China’s foreign-exchange reserves hit $4 trillion in the second quarter of 2014, according to Chinese government officials. That’s so massive it exceeds the next six biggest national reserves combined; so huge that it equals nearly half of China’s GDP.
It certainly sounds impressive. But China’s foreign currency reserves are not just money lying around to be used for anything. Understanding what they can and can’t be used for highlights the fact that they’re not the bulwark of Chinese financial stability that many assume.
What China can do with $4 trillion
“Reserves are less powerful than maybe people think they are because they’re really only good for one or two things,” says Andrew Polk, an economist at the research group The Conference Board. Here are some of the things they can be used for:
- Currency “defense”: A currency’s value falls when people sell it for other currencies—a.k.a “capital outflow.” A weaker currency can be good in that it makes exports more competitive. But it also diminishes people’s confidence in the country’s economy and can leave companies with foreign-currency debt owing a lot more than they planned (more on China’s external debt here). A country can prevent that weakening by buying its own currency—keeping its value stable—and using some of its foreign reserves to pay for it. In other words, whenever China wants to prevent the yuan from shedding value against the dollar, it can swap some of its foreign-exchange reserves for yuan, increasing the domestic currency’s value.
- Cheap borrowing: Dangerous things can happen when people suspect a country can’t afford to pay its foreign debts, both sovereign and commercial. As we mentioned above, a sharp drop in the value of the yuan would make it hard for Chinese companies to pay foreign debts—and that suspicion alone will drive up borrowing costs. China’s enormous reserves means most people assume both that the yuan won’t drop in value, and that the government guarantees the obligations of state-affiliated companies. And that means the government and many Chinese companies can borrow cheaply.
The big danger those dollars can’t forestall
Many assume that foreign currency reserves can be used to bail out banks in the event of a financial crisis. This isn’t a totally daffy conclusion to draw; between 2003 and 2005, China injected some $60 billion of its reserves into debt-swamped Chinese banks via some fancy accounting.

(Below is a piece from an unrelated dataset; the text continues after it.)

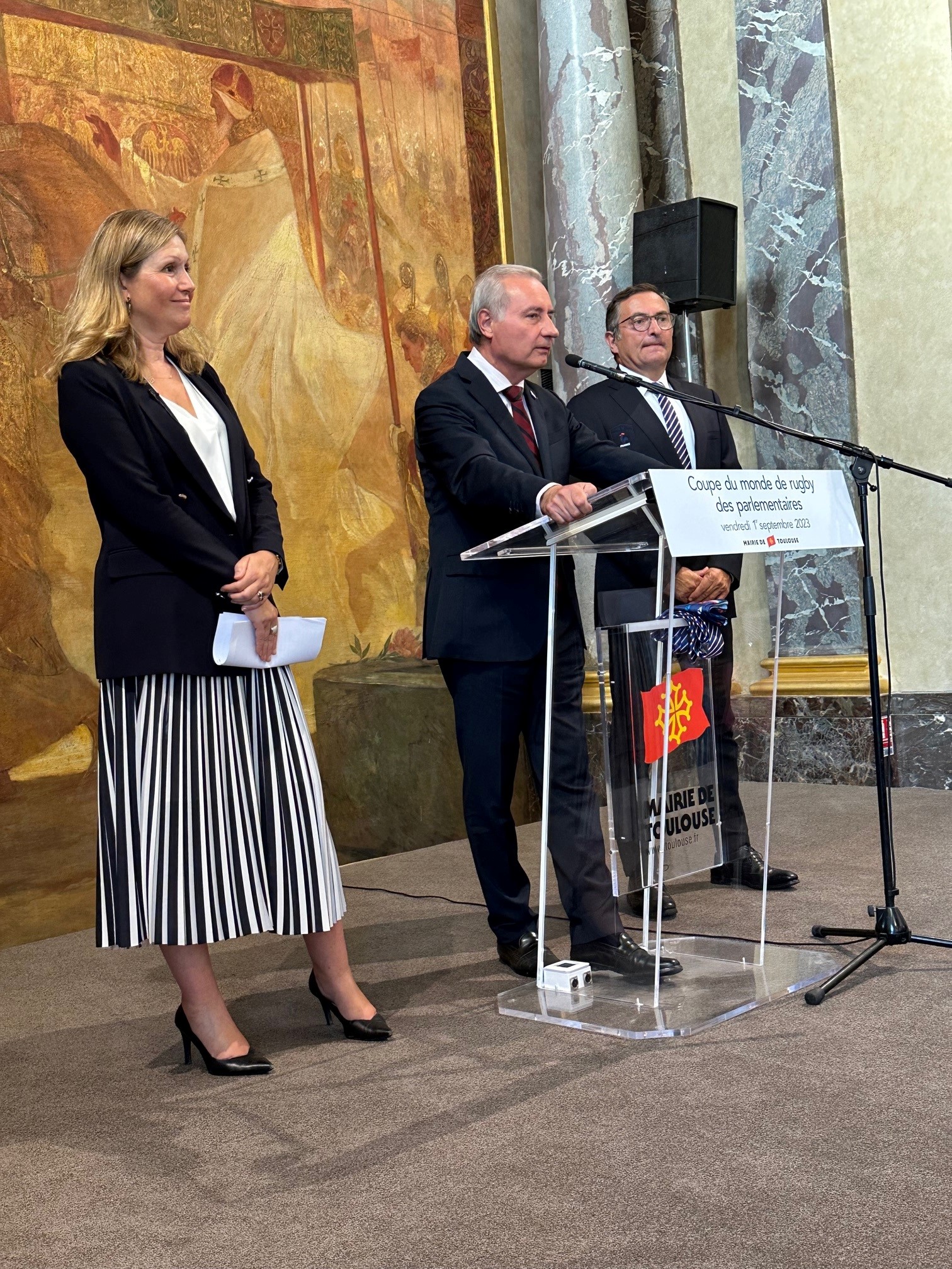 Le maire de Toulouse a également pris la parole pour exprimer sa fierté et sa gratitude d'accueillir cette soirée inaugurale dans sa ville. Il a mis en avant l'engagement de la municipalité à soutenir le sport et les événements internationaux, comme cette Coupe du du Monde de rugby des Parlementaires.

But it wouldn’t be so easy this time, as Capital Economics, a research firm, flags in a recent note. Here’s what those foreign currency reserves can’t do:
- Reserves aren’t a pool of rainy-day money. As we’ve explained before, in order to buy the dollars that come into China, the People’s Bank of China has to print money. When you print a lot of money and then hand it over to banks bringing you the dollars they bought from exporters, you cause inflation, which can collapse an economy. So in order to purchase those dollars, the PBoC “sterilizes” them, buying the dollars not with hot-off-the-press yuan, but with central bank bills—agreements that the PBoC will pay the bank whatever the equivalent amount in yuan is. If the PBoC up and decides to use its dollars to pay for banking bailouts, it still’s on the hook to pay those bank bill obligations. That wouldn’t mean the PBoC would immediately go bankrupt. But it would mean that the Chinese government would ultimately have to find a way to pay for those debts.

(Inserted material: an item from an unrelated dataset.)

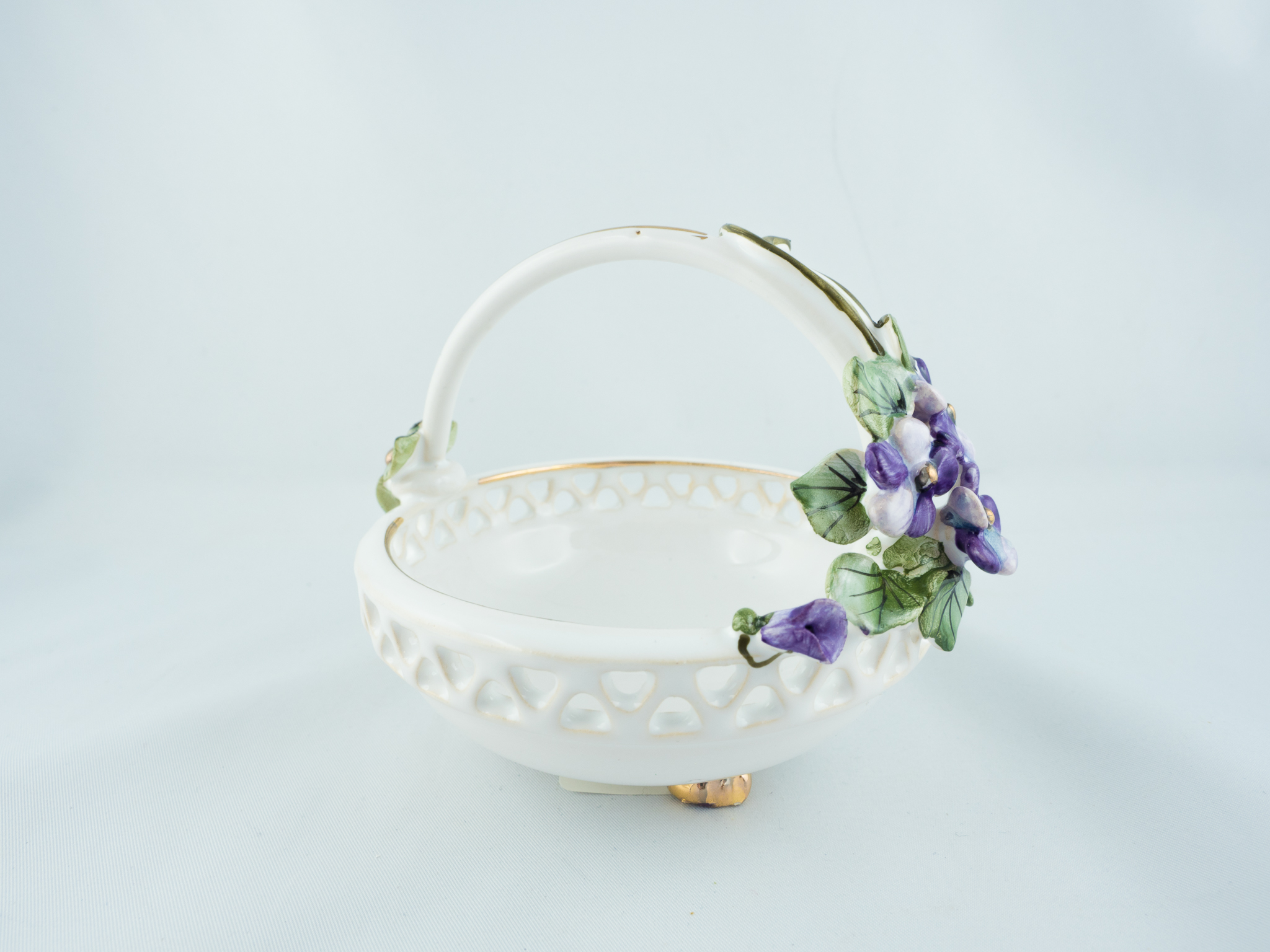 Ceramiczny koszyczek z fiołkami. Złocony, malowany ręcznie farbami najwyższej jakości, wypalany w bardzo wysokich temperaturach.

- Recapitalizing banks with dollars means having to buy those dollars twice. Handing Chinese banks a bunch of dollars is what Capital Economics calls a “stopgap measure rather than a final solution” since at some point commercial banks would need to swap these dollars for yuan. Since the yuan’s not freely traded, the PBoC is the only potential buyer—which means it will have to buy those dollars with newly printed central bank bills all over again. Adding this to the fact that the yuan’s steady strengthening against the dollar has forced the PBoC to take losses on its foreign-exchange reserves already, eventually the PBoC’s debt obligations will exceed its reserves.
- The alternative is causing massive deflation. The PBoC could in theory raise yuan to recapitalize banks by selling its dollars for yuan first. But by draining yuan from circulation, that would suck up the liquidity that’s currently keeping the financial system’s engines running. Even though demanding yuan should in theory cause inflation, the sudden vanishing of yuan would be heavily deflationary.
- And $4 trillion simply might not be enough cash. Officially, Chinese commercial banks’ bad loans make up only 1% of total outstanding loans. That sounds very comforting, but it’s also risibly wrong. Chinese banks are notorious for rolling over loans and undercounting bad debt. Even if the PBoC could use dollars to recapitalize its banks, at 18% of China’s total outstanding debt, they very likely wouldn’t be enough.
If banks start needing bailouts, there’s nothing saying that the PBoC absolutely cannot use its foreign exchange reserves to give them new money. Through more deft accounting, it certainly can gradually reshuffle money around. And it can do so in ways that don’t even look like a typical banking bailout.
However, that would ultimately mean shifting corporate debt onto the Chinese government’s already expanding balance sheet. And as Japan’s eerily similar debt surge a couple of decades ago showed, no amount of foreign reserves can help once a government starts drowning itself in debt.